Now in a rhythm game, the soundtrack is literately what the game is based around. The soundtrack this one is very good. The include classics (The Rolling Stones, Mountain) and the new kids on the block (Killswitch Engage, Weezer). The songs also range from pop to puck to even metal, showing a well rounded genre taste. And, for the first time in a Guitar Hero series, the songs actually grow progressively harder the further down the list you go. For example, you start easy (Pat Benatar's Hit Me with Your Best Shot and Senses Fail's Can't Be Saved) to ungodly difficult shredfests (Slayer's Raining Blood and the 7 minute, speed metal epic of Dragonforce's Through the Fire and Flames). My only beef with the set list it includes no name bands who I've never even heard of, and they aren't even that good (LA Slum Lords anybody? Anybody?). Not to take away from the fact that there are a few no name gems in here (Like the Scouts of St. Sebastian's In Love or An Endless Sporadic's Impulse). Another beef I have is the Wii's inability to have downloadable content like the Xbox and PS3. But that, aside a solid set list none the less.

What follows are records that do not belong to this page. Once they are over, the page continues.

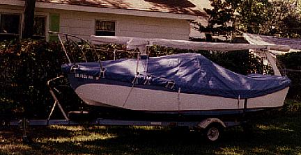 Tom shows a boom awning adapted for his Potter from another boat. It rests on the boom, which is supported by the lazy jack moved to the end of the boom. The awning ties off to existing cleats, the mast, and stanchions. | |
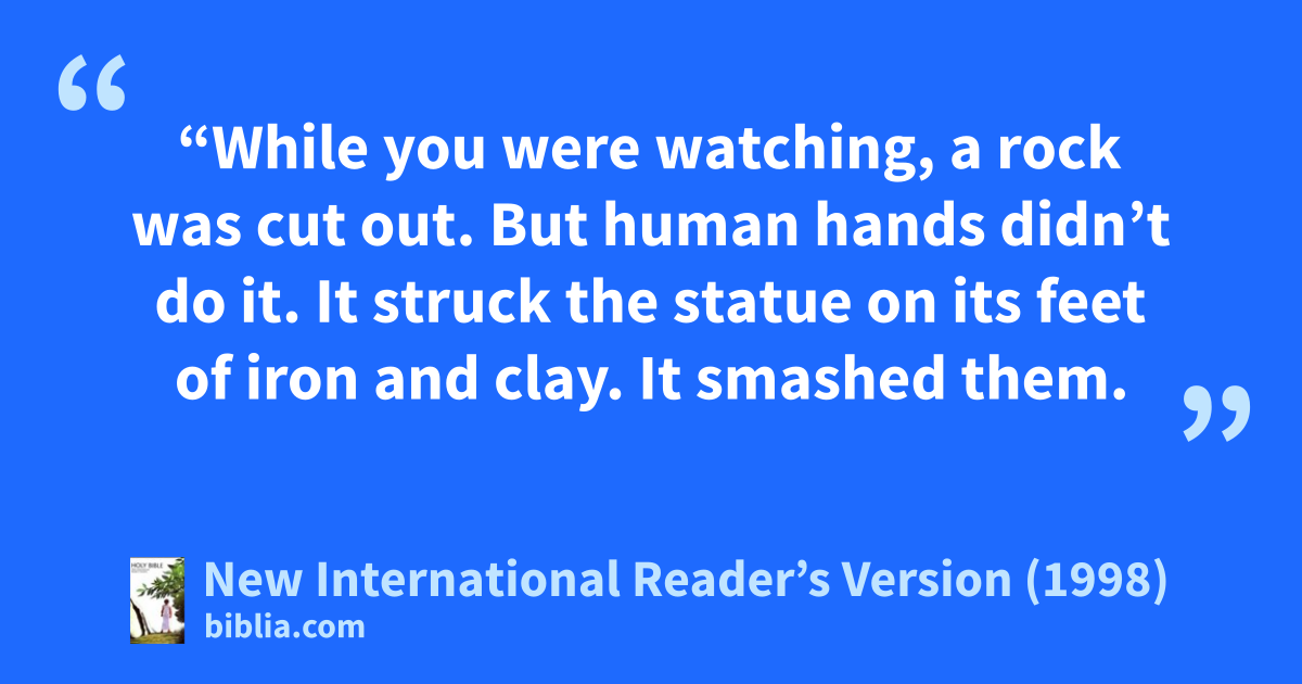 44“In the time of those kings, the God of heaven will set up a kingdom. It will never be destroyed. And no other nation will ever take it over. It will crush all of those other kingdoms. It will bring them to an end. But it will last forever. 45That’s what the vision of the rock cut out of a mountain means. Human hands didn’t cut the rock out. It broke the statue to pieces. It smashed the iron, bronze, clay, silver and gold.
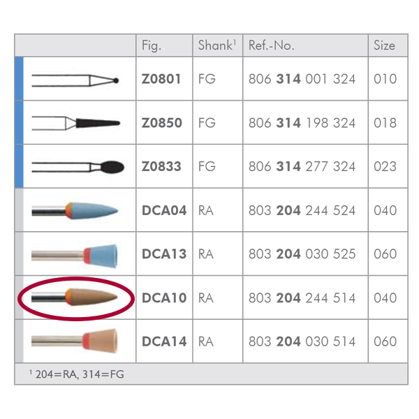 Polerere til højglans polering til zirkonium DCA10/040, rosa point, til RA, tykkelse 040. Polereren er en del af sættet LUS91.
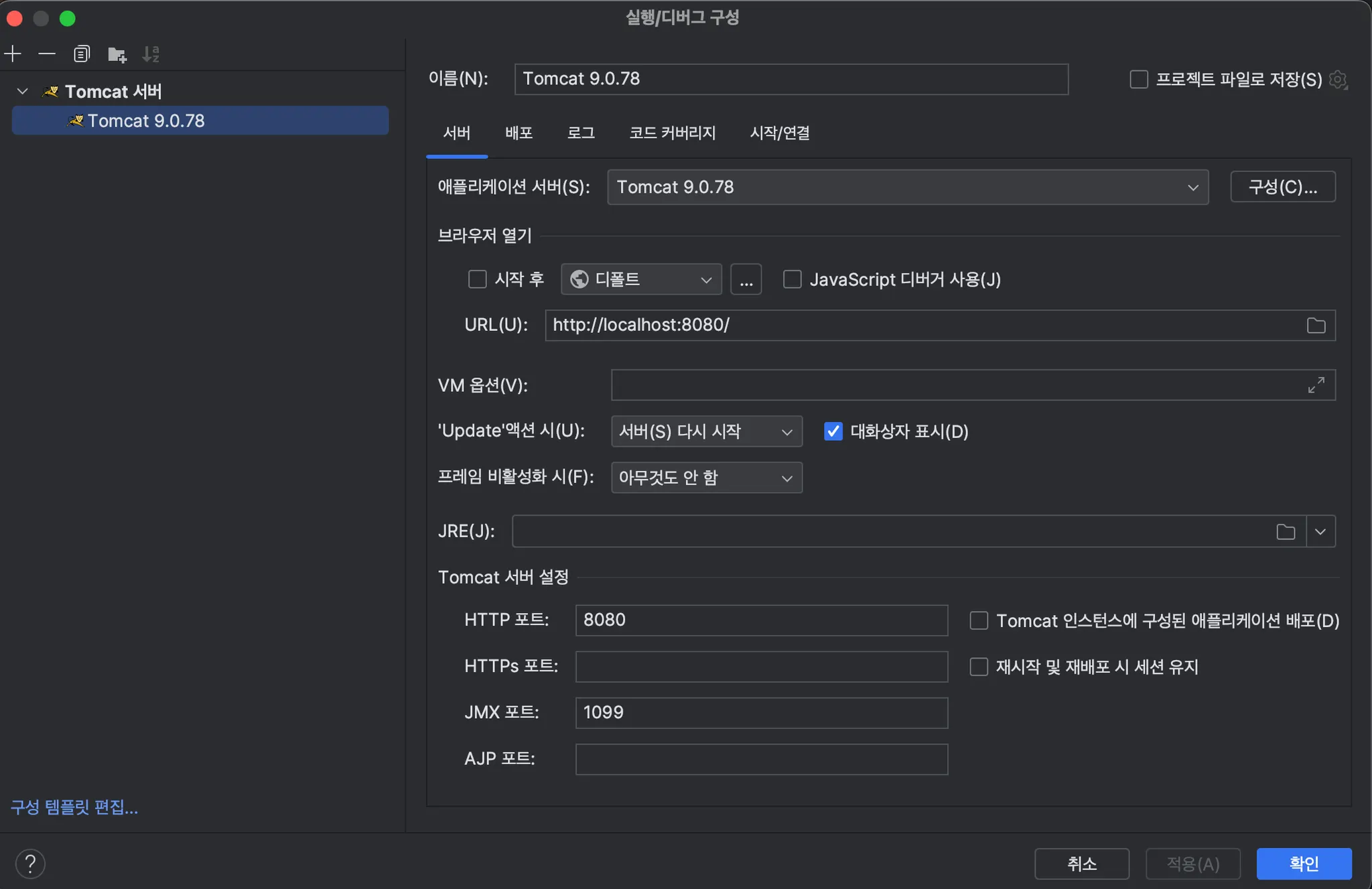 방금 설치한 Tomcat의 경로를 설정하였고, 빌드 툴로는 Gradle을 이용하였다.
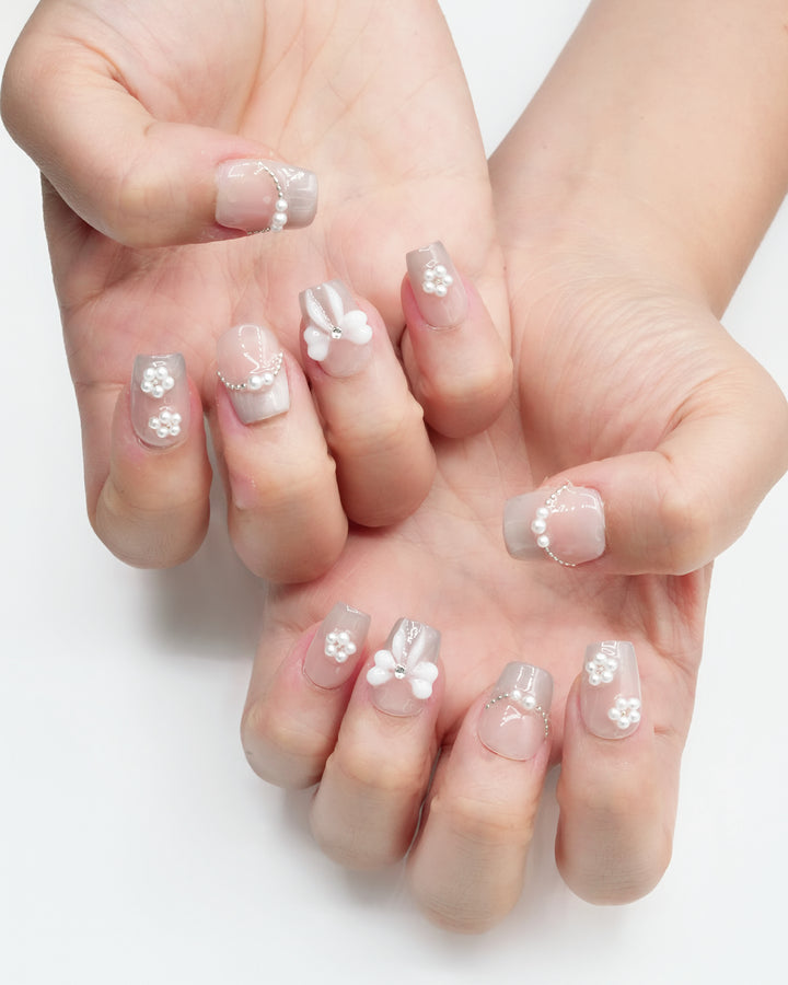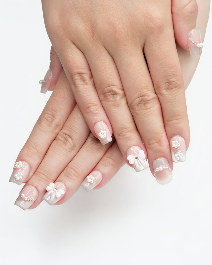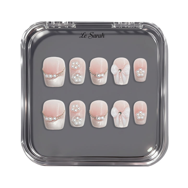 Le Sarah's Frosted Butterfly balances workplace polish with whimsical charm. Part of our Work Chic Collection, this design features soft pink-and-white gradient bases adorned with delicate pearl accents and dainty butterfly-inspired details. Evoking the grace of a modern professional who embraces subtle romance, these nails bring a touch of refined, dreamy elegance to your workday look—perfect for adding a polished yet playful finish to office attire or client meetings.
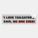 Autocollant De Voiture "J'aime des tailgaters" - n'a dit PERSONNE JAMAIS
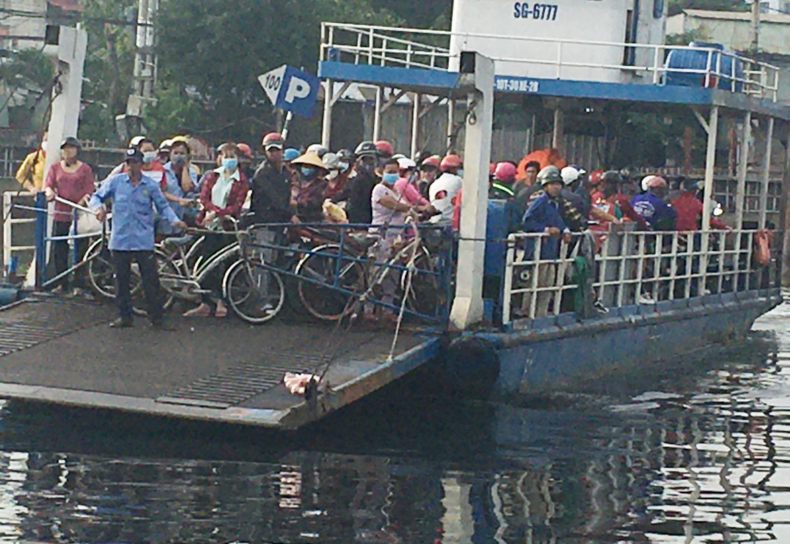 Hành khách chen lấn, không mặc áo phao khi qua phà. Ảnh: Thu Huyền
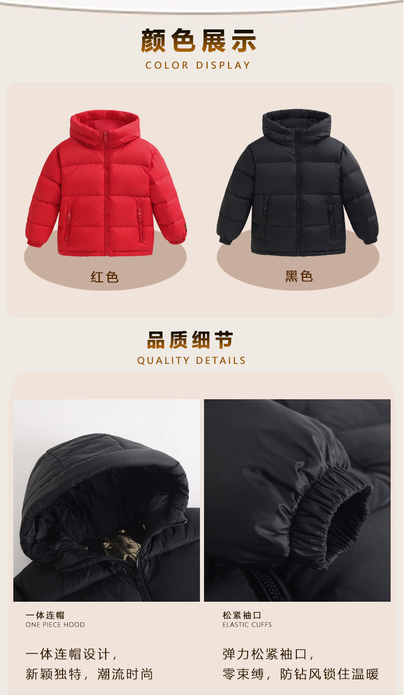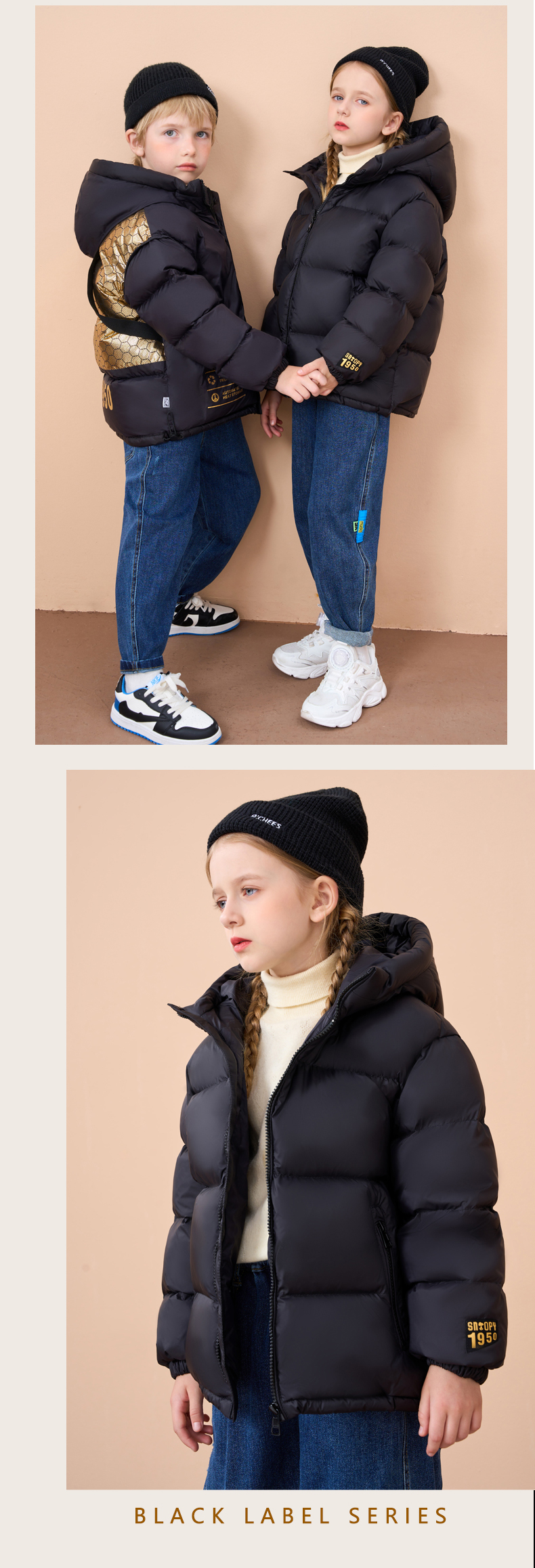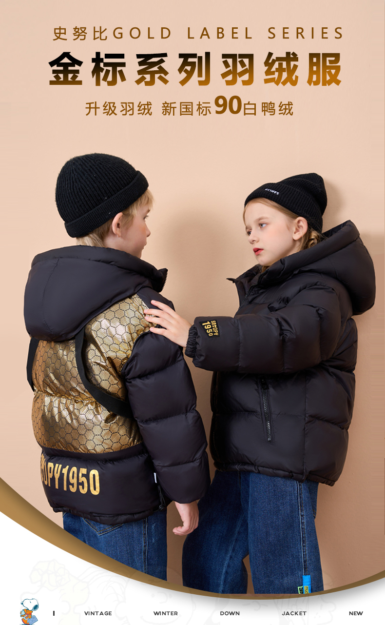 史努比黑色金标款儿童连帽羽绒服FJ5023
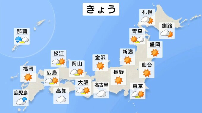 きょう24日(金)午後は九州北部から北陸、関東甲信、東北を中心に晴れる見込みです。黄砂や花粉は少なく、洗濯日和でしょう。風は強めに吹きますので、洗濯物は飛ばされないようお気をつけください。沖縄、九州南部から東海付近、そして北海道ではにわか雨がありそうです。
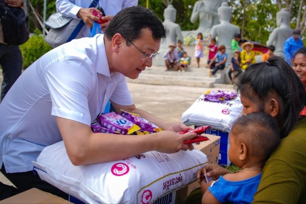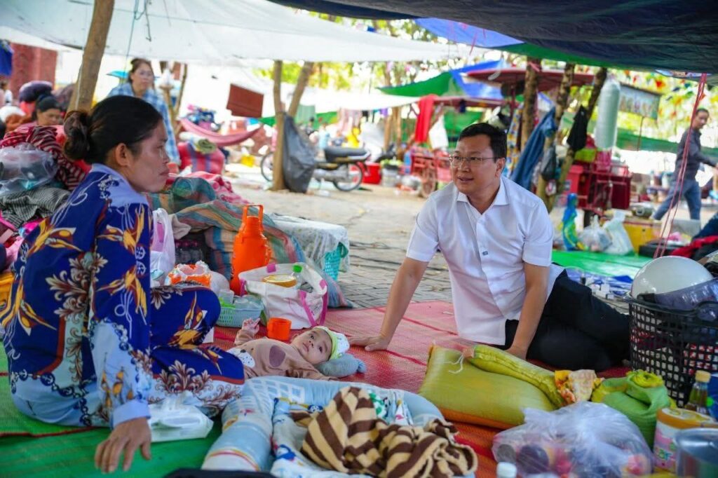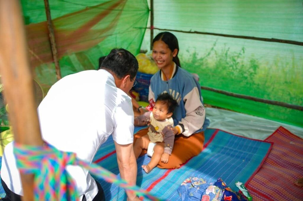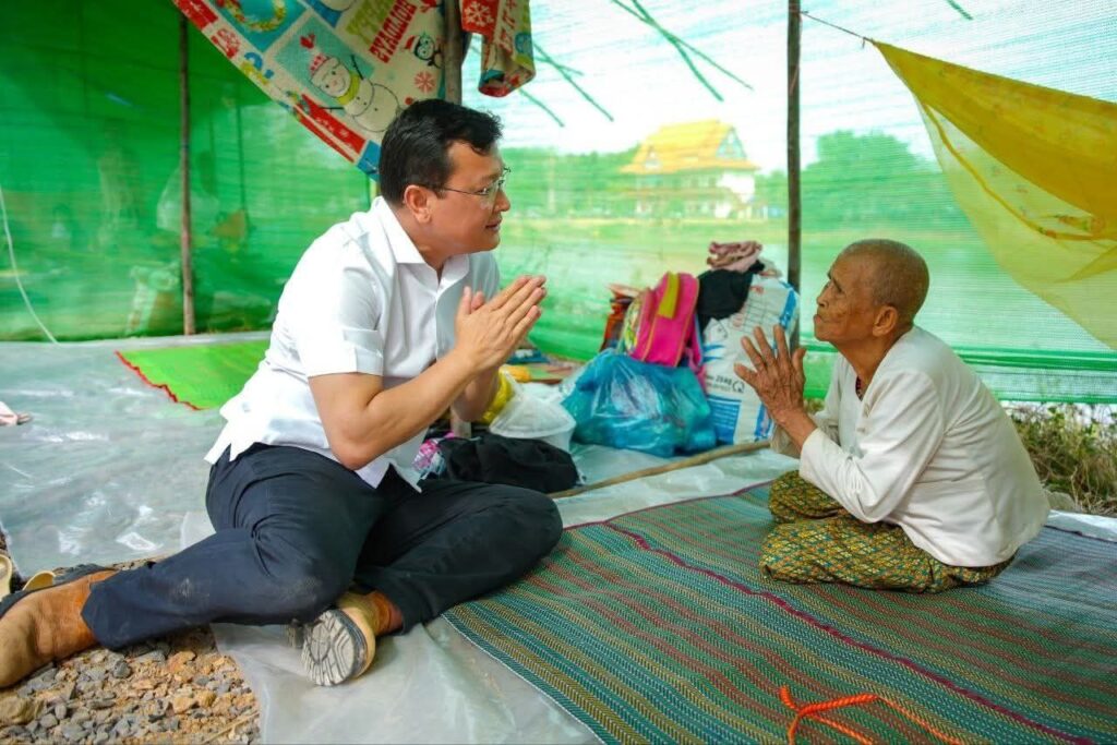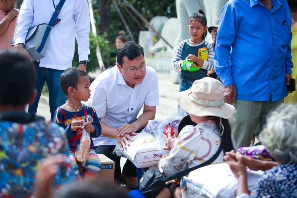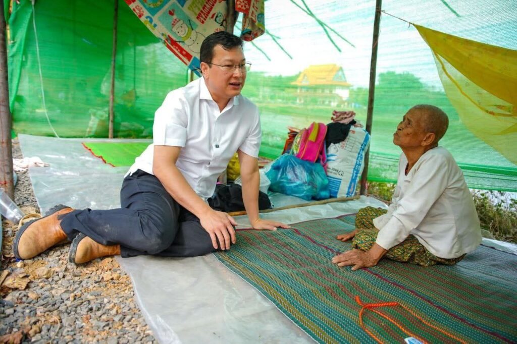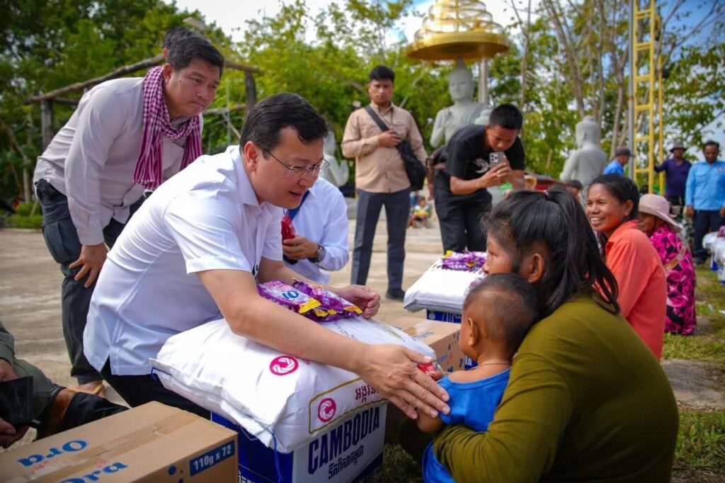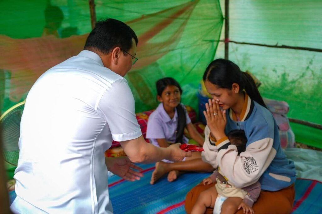 (ខេត្តបន្ទាយនានជ័យ)៖ នារសៀលថ្ងៃទី១៤ ខែធ្នូ ឆ្នាំ២០២៥ ឯកឧត្តម ឌិត ទីណា រដ្ឋមន្រ្តីក្រសួងកសិកម្ម រុក្ខាប្រមាញ់ និងនេសាទ និងអ្នកឧកញ៉ា លាង ឃុន សហស្ថាបនិកក្រុមហ៊ុន ជីប ម៉ុង ព្រមទាំងក្រុមការងាររាជរដ្ឋាភិបាលចុះមូលដ្ឋានខេត្តបន្ទាយមានជ័យ បានសួរសុខទុក្ខ និងនាំយកអង្ករ ទឹកសុទ្ធ និងសាប៊ូ ជូនពុកម៉ែបងប្អូនជនភៀសសឹកមកមណ្ឌលសុវត្ថិភាព នៅក្រុងសិរីសោភ័ណ្ឌ ខេត្តបន្ទាយមានជ័យ។
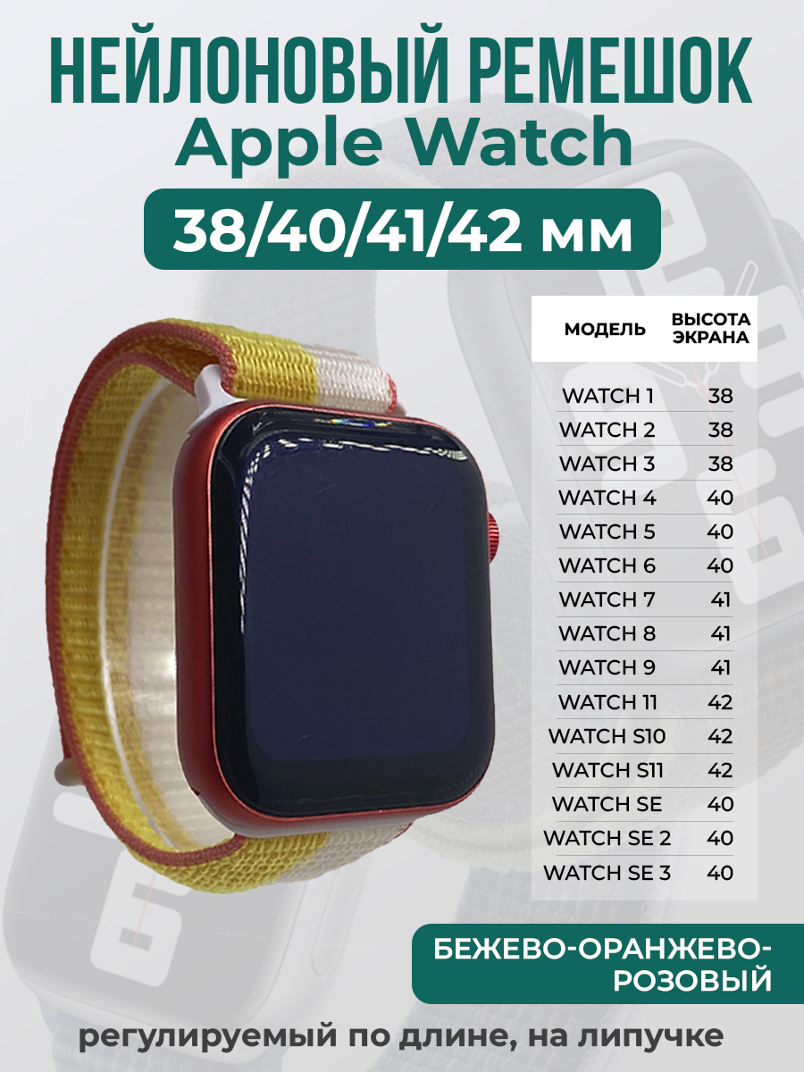 Нейлоновый ремешок на липучке для Apple Watch 1-9 / SE (38/40/41 мм), регулируемый по длине, бежево-оранжево-розовый
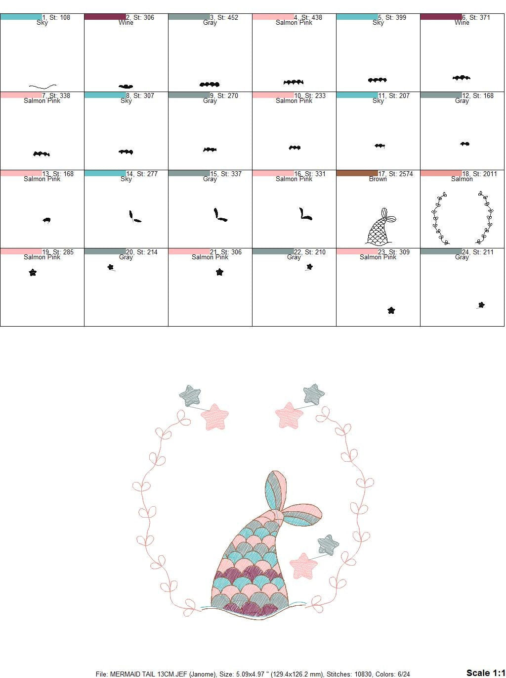 This is a digital download machine embroidery design of a MERMAID TAIL, RIPPLED design, instant download.

Then there's the graphics and visuals. The Wii version doesn't that the same flare and HD ability of its Xbox360 and PS3 counterparts, but I does have that much more mature look that this game should have. Past games were too cartoonish and bizarre. One thing I hate about it is its blatant product advertising, like unlocking stuff in a virtual Guitar Center or seeing a pack of 5 Gum while browsing the songs. Advertising for the companies that make the guitars how ever his restrained to just putting them on the names, but that's fine. In this game however, you will spend much more time looking at the notes on the treadmill than the backgrounds, so graphics in this game are not a big deal.
But I know what you're saying. "But Troggie, what about the gameplay? Doesn't gameplay make them game?!" And you would be right. The gameplay is just as addictive as ever, and it WILL hook you to thrash down songs on higher and higher difficulties. There is enough meat her to keep pros advancing and practicing to take down the final songs and for newbies to work up on. Co-op mode is still here and bass/rhythm lines are still much easier than their lead counterparts. A new mode is the Battle Mode, where while shredding the tracks against others, instead of star power and getting more points than them, you now have to get Mario Kart-style power ups to make you opponents fail. Some of these include Difficulty Up, Whammy (opponent must whammy to continue to play), Double Notes, and Left Flip (Green is now on the right and orange is on the left, and so on). Much improved over other versions. Also, online play is here. The connection are usually fluid and work with out fail, except when you lose connections, but that falls on the Wii's problem, and not the game. However the excessively large Friend codes, no chatting ability, and no menu-style game selection to choose games is a nuisance, but not a bad first go. Another problem is the fact that in Battles and Face Offs, those on lower difficulties will beat you, and online, n00bs will purposely go on a lower difficulty to win. And the fact that when you beat the game, you're done; that's pretty much it. But overall, it's a great game, alone or at a party.
So does this game meet expectations? Yes. Does it exceed them? No. Overall it's a solid game but Nintendo's inability and general stubbornness to move with times in respects to graphics and online capabilities keep this overall game from really shining. Hopefully they can fix these problems on GHIV and the upcoming Guitar Hero: On Tour for the Nintendo DS.
***As of February 2008, you can buy individual guitars, but the 3rd party ones still don't exist.